DATA BELOW START
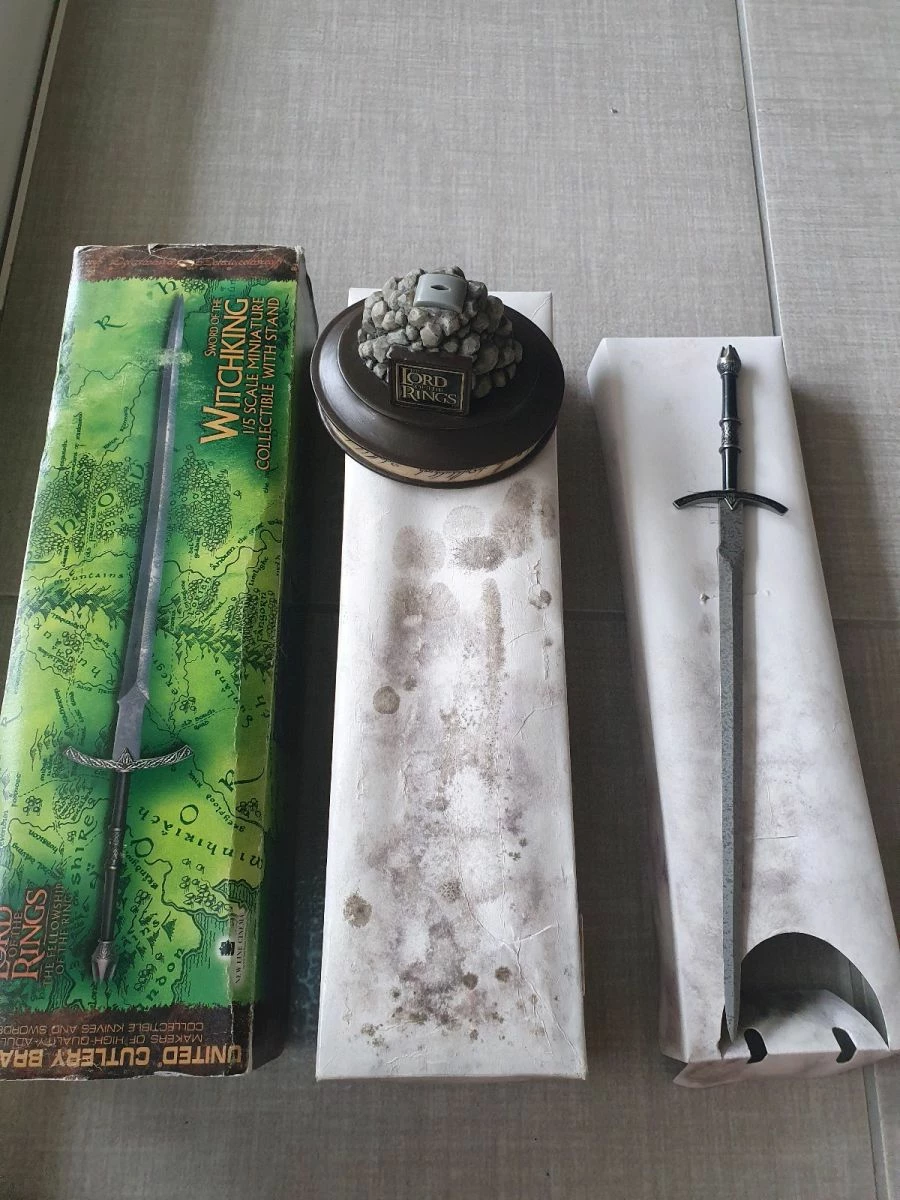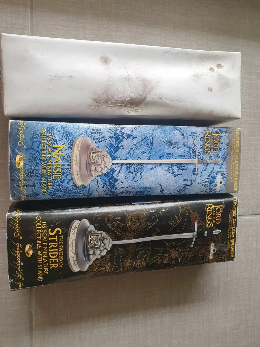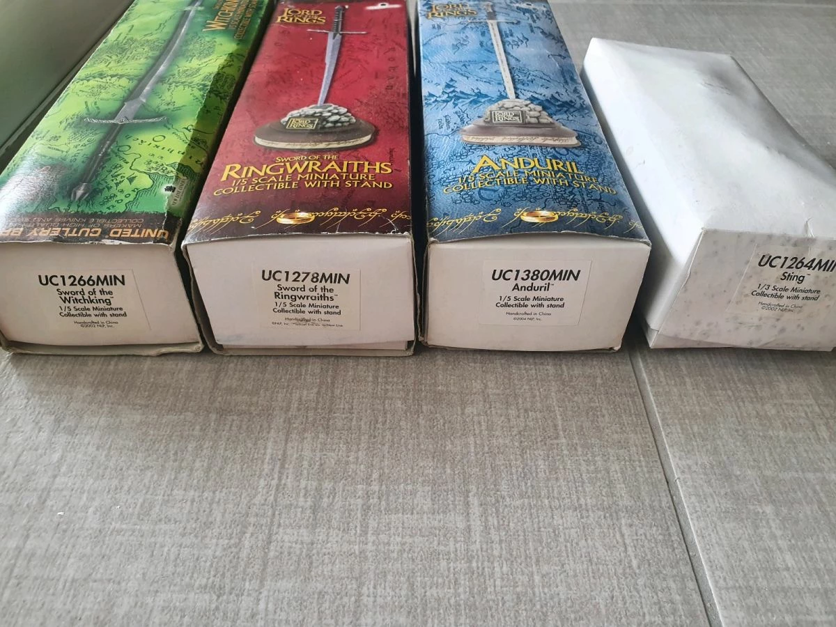LIMITED EDITION ORIGINAL LORD OF THE RINGS UNITED CUTLERY MINIATURE SWORDS. The products come from a private collection, so they are opened and used. From a smoke-free environment. Boxes were stored in a basement so they have some dark spots all over. Wear and tear signs on the boxes and some on the stands and swords. Please see photos carefully before buying. The stand of each sword is pre-assembled. I will be happy to provide you with more photos for each sword. No Returns! The bundle consists of:
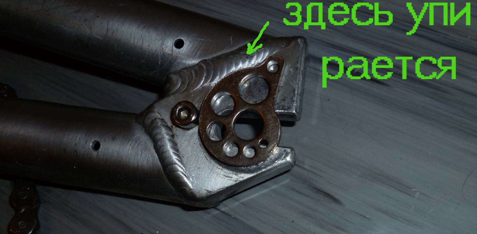 причем цепь?без цепи все тоже самое.на пути улитки к болту при вращении встречается сварочный шов(который между дропаутом и пером)
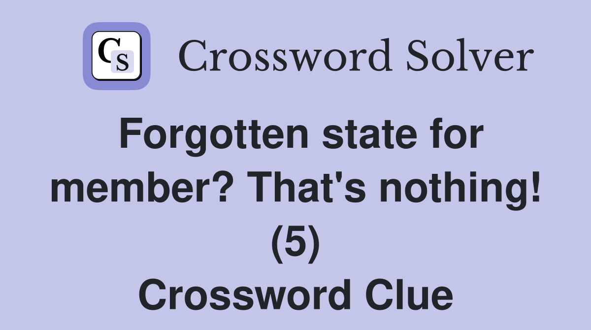 Forgotten state for member? That #39 s nothing (5) Crossword Clue
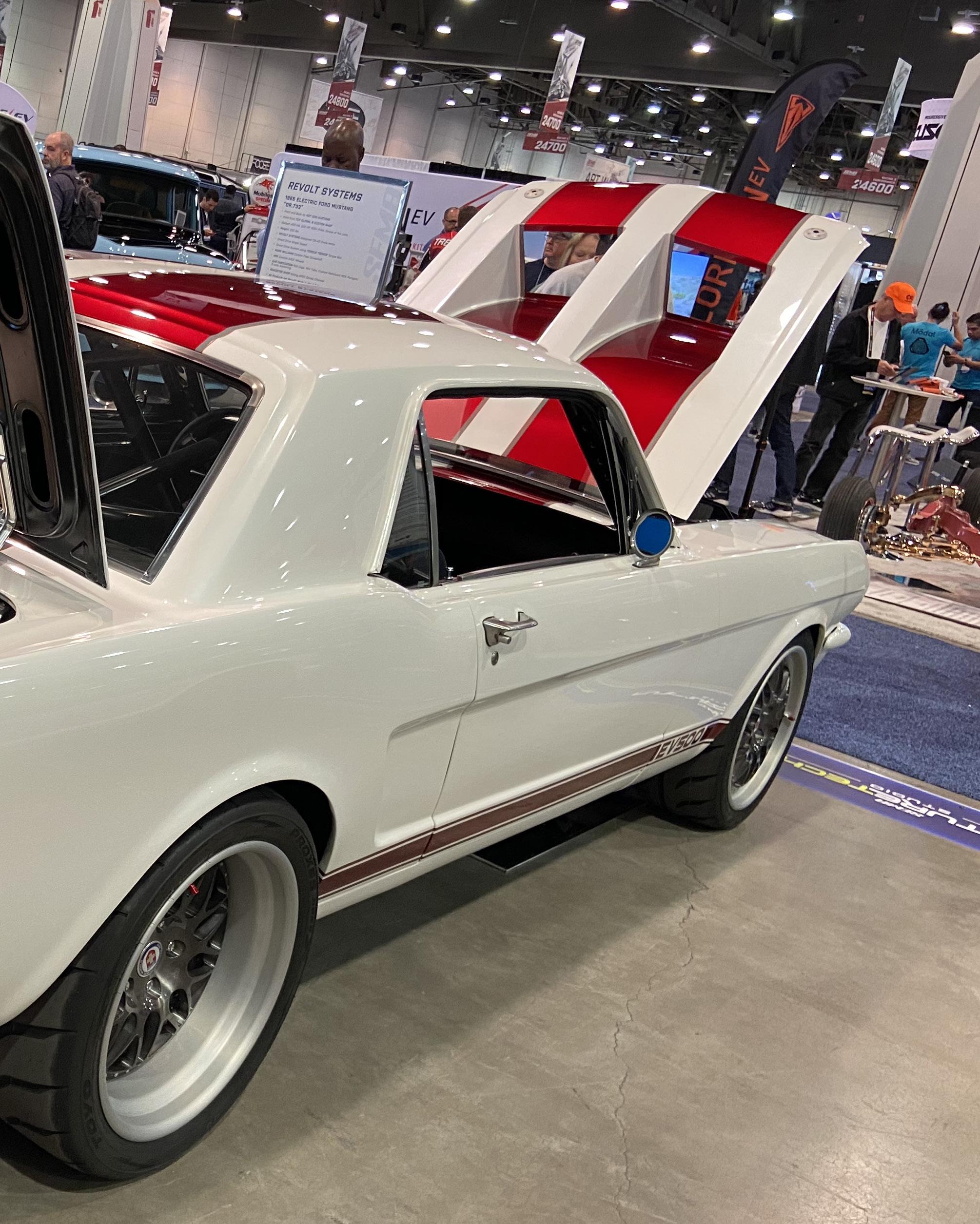 In a show filled with high-performance gasoline engines and unconventional builds, the Revolt Systems All-Electric 1965 Ford Mustang stood as a symbol of the automotive industry’s evolution towards electrification, proving that the future of custom cars can be both powerful and environmentally conscious.
DATA BELOW END
Write out the whole listing exactly. Do not include the pictures.

* OUTPUT FOR THIS TASK:
LIMITED EDITION ORIGINAL LORD OF THE RINGS UNITED CUTLERY MINIATURE SWORDS. The products come from a private collection, so they are opened and used. From a smoke-free environment. Boxes were stored in a basement so they have some dark spots all over. Wear and tear signs on the boxes and some on the stands and swords. Please see photos carefully before buying. The stand of each sword is pre-assembled. I will be happy to provide you with more photos for each sword. No Returns! The bundle consists of:
 причем цепь?без цепи все тоже самое.на пути улитки к болту при вращении встречается сварочный шов(который между дропаутом и пером)
 Forgotten state for member? That #39 s nothing (5) Crossword Clue
 In a show filled with high-performance gasoline engines and unconventional builds, the Revolt Systems All-Electric 1965 Ford Mustang stood as a symbol of the automotive industry’s evolution towards electrification, proving that the future of custom cars can be both powerful and environmentally conscious.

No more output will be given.